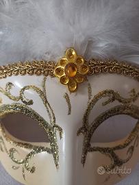 Maschera veneziana decorativa colore bianco e oro con piume, misure nelle foto, piuttosto piccola, adatta per donna o bambina o semplicemente come decorazione complemento d'arredo.
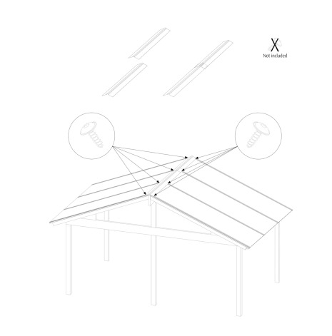 Nockplåt svartlackerad. Längd 2,0 m. Till änden på nockplåten vid sadeltak kan det beställas en täckbricka som avslut i framkant. I utsatta lägen kan du täta mellan beslagsdelarna med silikon och alubutylband*.
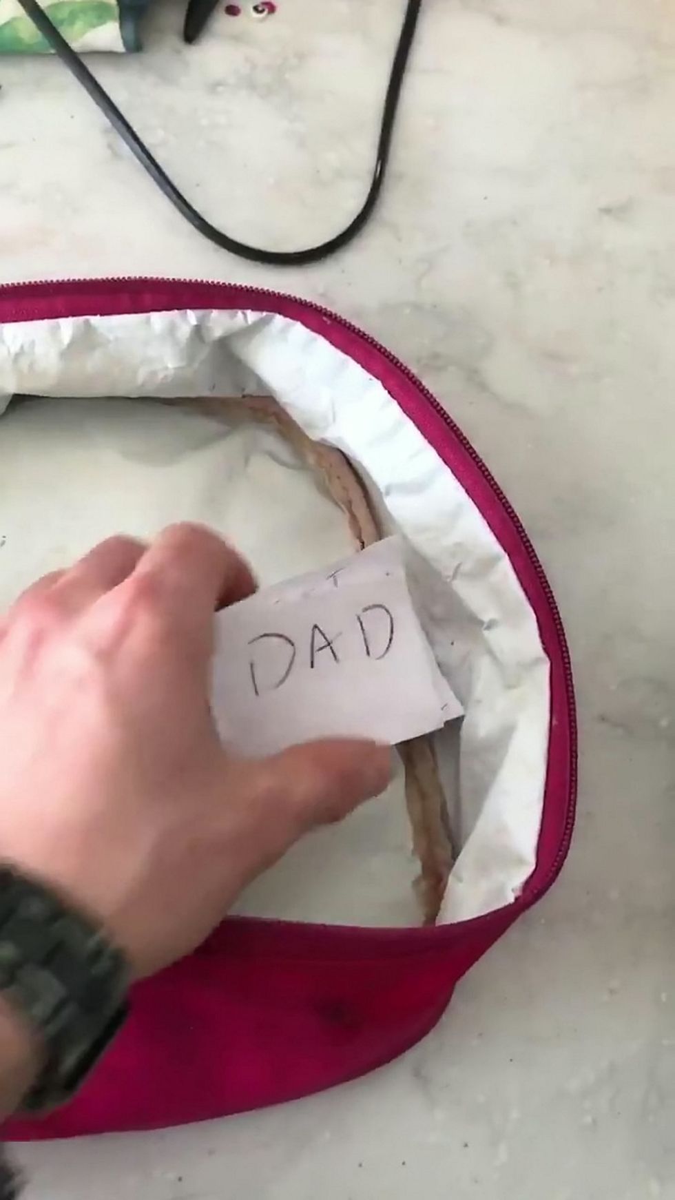 She told him she'd left a note in her lunchbox - and he thought it might be a cute thank you note, or a lovely drawing.
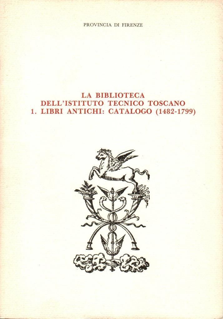 "La biblioteca dell'istituto tecnico toscano 1 Libri antichi: catalogo (1482-1799)", edizione 1986, pp. 159, formato 17 x 24.
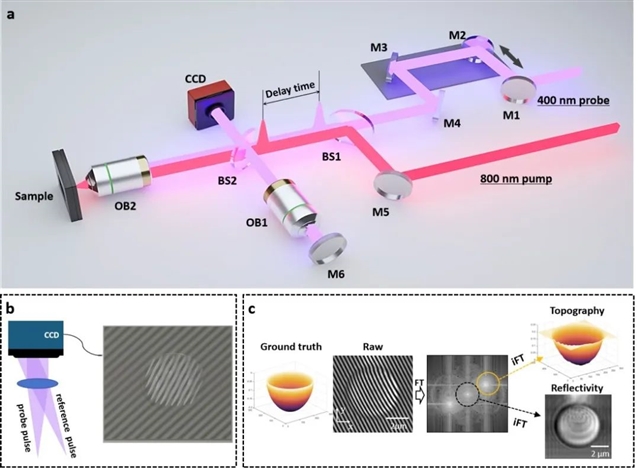 图1: (a)双模态时空显微成像系统示意图,其中红色为中心波长800nm的泵浦光,紫色为400nm的探测光;(b)a中探测臂与参考臂在CCD表面干涉,获取原始干涉图像;(c)双模态图像重建流程。傅里叶变换分别提取零级和一级频谱分量,重建反射率和表面形貌图像
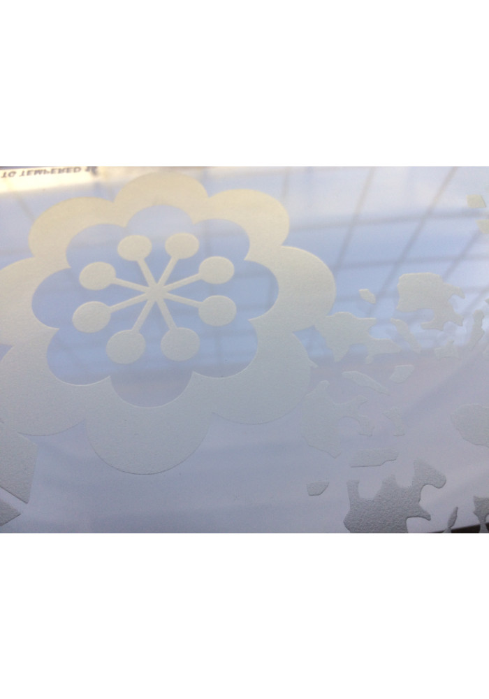 Vitrina sablata, pe sticla mata pentru mobila, model MINIMAL. Sablare in formea abstracta, florala asezata in mod aleator pe suprafta vitrinei.
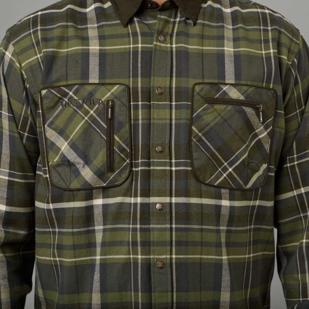 Das Pajala Hemd ist ein herrlich weiches, aber gleichzeitig strapazierfähiges kariertes Flanellhemd mit Verstärkungen an Ellbogen, Kragen und Manschetten sowie praktischen Taschen für die Jagd und Outdoor-Aktivitäten. Das Hemd ist weit geschnitten.
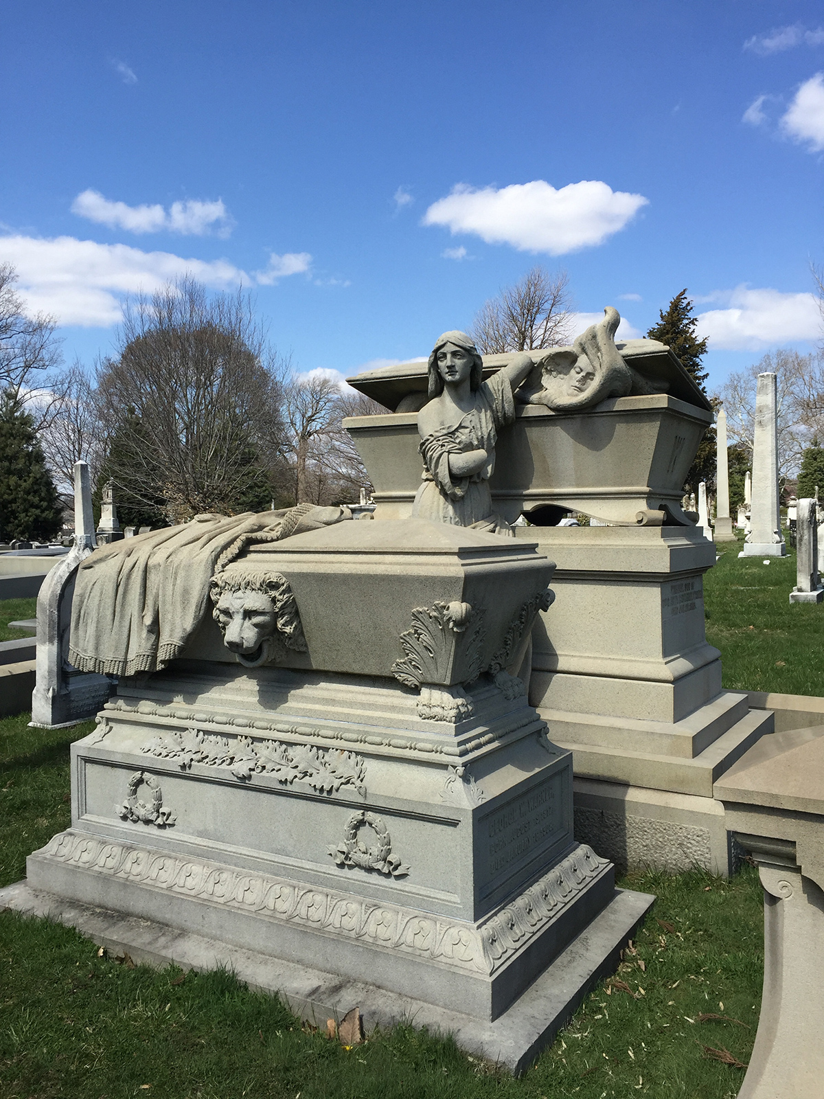 Now designated as a National Historic Landmark, Laurel Hill Cemetery was founded in 1836 by Quaker John Jay Smith as one of the nation’s pioneering garden cemeteries. In traditional Quaker style, Laurel Hill’s earliest burial plots are marked with modest, trip-hazard sized stones simply engraved with names and dates. It wasn’t until after 1837, the start of the Victorian era, that flamboyant stone monuments became prominent. Today, Laurel Hill features over 33,000 eclectic monuments, ranging from massive Egyptian obelisks, conventional tombstones, religious relics and tiny-house scaled mausoleums, to rather uncanny life-like sculptures of the deceased.
--
- [WHAT IS BEING ASKED]:
Only the line with "图1: (a)双模态时空显微" and those preceding it, back to the first line of the entries, should be repeated exactly, without pictures.

- [ANSWER SECTION]:
 Maschera veneziana decorativa colore bianco e oro con piume, misure nelle foto, piuttosto piccola, adatta per donna o bambina o semplicemente come decorazione complemento d'arredo.
 Nockplåt svartlackerad. Längd 2,0 m. Till änden på nockplåten vid sadeltak kan det beställas en täckbricka som avslut i framkant. I utsatta lägen kan du täta mellan beslagsdelarna med silikon och alubutylband*.
 She told him she'd left a note in her lunchbox - and he thought it might be a cute thank you note, or a lovely drawing.
 "La biblioteca dell'istituto tecnico toscano 1 Libri antichi: catalogo (1482-1799)", edizione 1986, pp. 159, formato 17 x 24.
 图1: (a)双模态时空显微成像系统示意图,其中红色为中心波长800nm的泵浦光,紫色为400nm的探测光;(b)a中探测臂与参考臂在CCD表面干涉,获取原始干涉图像;(c)双模态图像重建流程。傅里叶变换分别提取零级和一级频谱分量,重建反射率和表面形貌图像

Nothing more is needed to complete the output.